1. Clone the repository
$ git clone https://github.com/sidleal/nilcmetrix.git
$ cd nilcmetrix
2. Download the tools bundle
Download nilc-metrix-tools.zip (~2 GB) and unzip it at the repository root. The archive extracts to a tools/ folder, so the layout becomes nilcmetrix/tools/.

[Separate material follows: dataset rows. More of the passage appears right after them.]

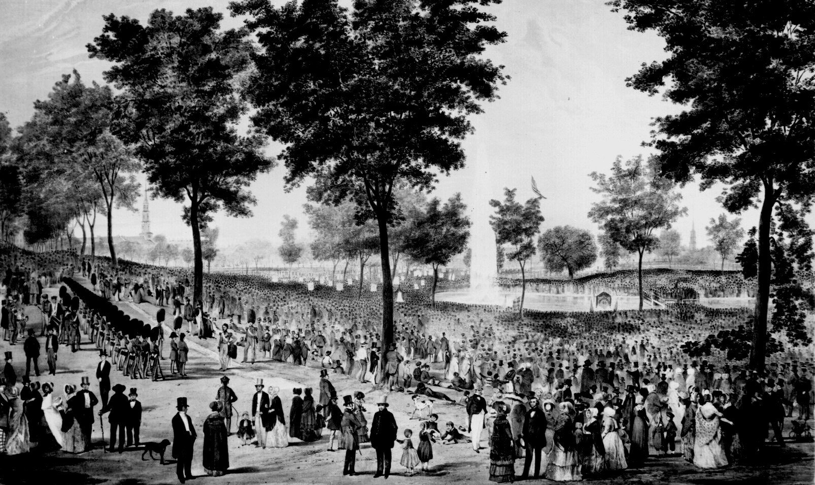 "View of the Water Celebration, on Boston Common, October 25th 1848." Lithograph by P. Hyman and David Bigelow. source
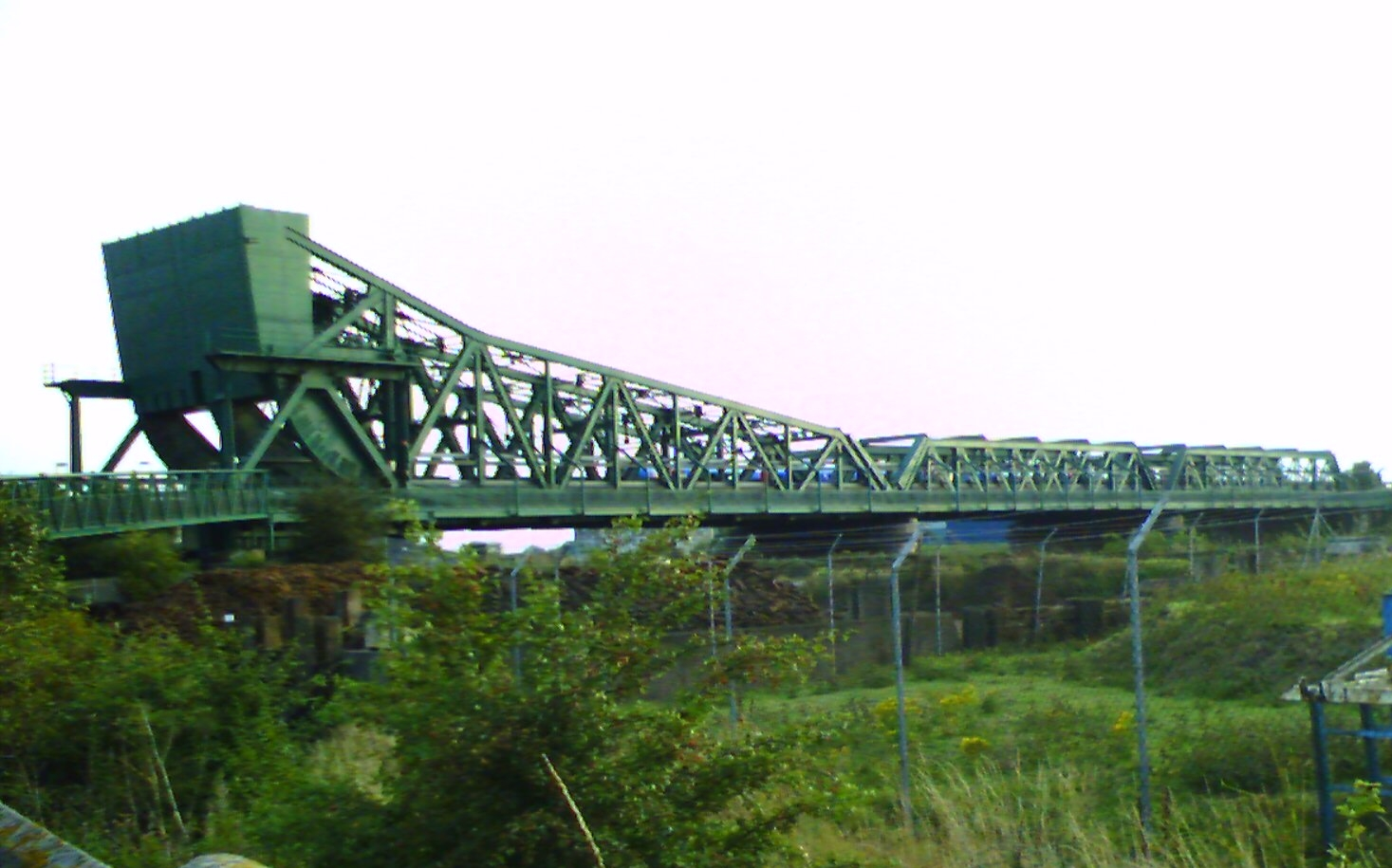 King George V Bridge, Keadby. Photo by E Asterion u talking to me?
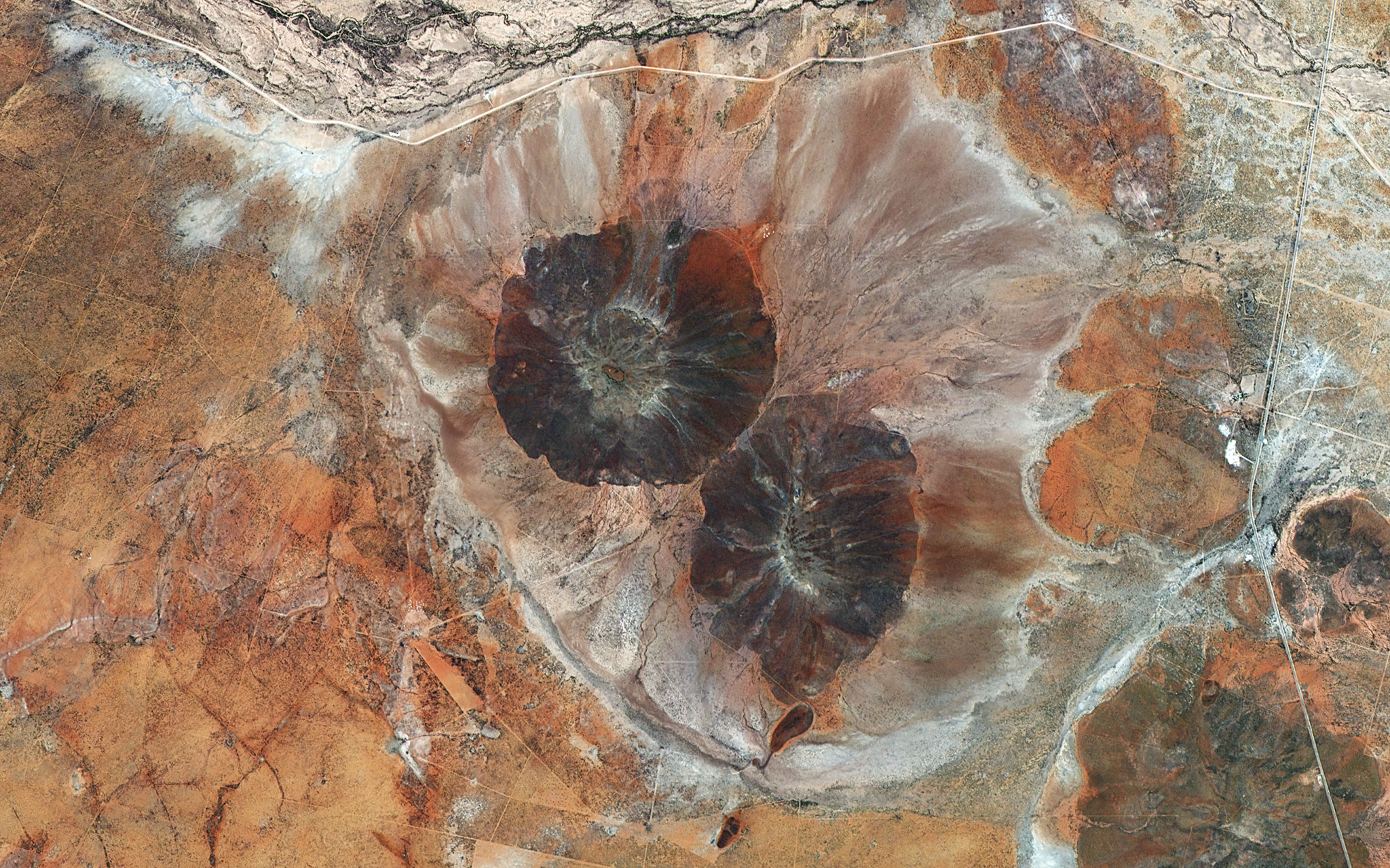 Omatako Mountains, Namibia, as viewed by Hodoyoshi-1 satellite.

3. Start PostgreSQL and restore the Coh-Metrix database
$ cd tools/postgres
$ docker run --name pgs_cohmetrix \
-e POSTGRES_USER=cohmetrix \
-e POSTGRES_PASSWORD=cohmetrix \
-v .:/shared \
-d postgres
The first run pulls the postgres image. Once the container is up, restore the dump from inside it:
$ docker exec -ti pgs_cohmetrix bash
# cd /shared
# ls
cohmetrix_pt_br postgres.txt
# pg_restore -U cohmetrix -d cohmetrix cohmetrix_pt_br
pg_restore may print a couple of warnings (e.g. role "postgres" does not exist, schema "public" already exists) — these are expected and safe to ignore. Exit the container shell when it finishes.
4. Build the main image
From the repository root:
$ ./build.sh
This builds the cohmetrix:noble image using the local Dockerfile. From here you can run the full stack via ./run.sh or use the pre-built Docker Hub image as described in the next section.
Screencasts
The original walkthroughs (no audio) cover the same steps:
- Part 1 — clone and download dependencies: https://youtu.be/brBfOuTMOM0
- Part 2 — postgres container and database restore: https://youtu.be/PR2dtr_FMBc
- Part 3 — build the main container and test (metrics that don't depend on the Palavras parser): https://youtu.be/GKQH_1jrmEo
Another way to run with docker-hub pre-built image:
Follow Part 1 and 2 from videos above, still need to setup the postgres database in its own container.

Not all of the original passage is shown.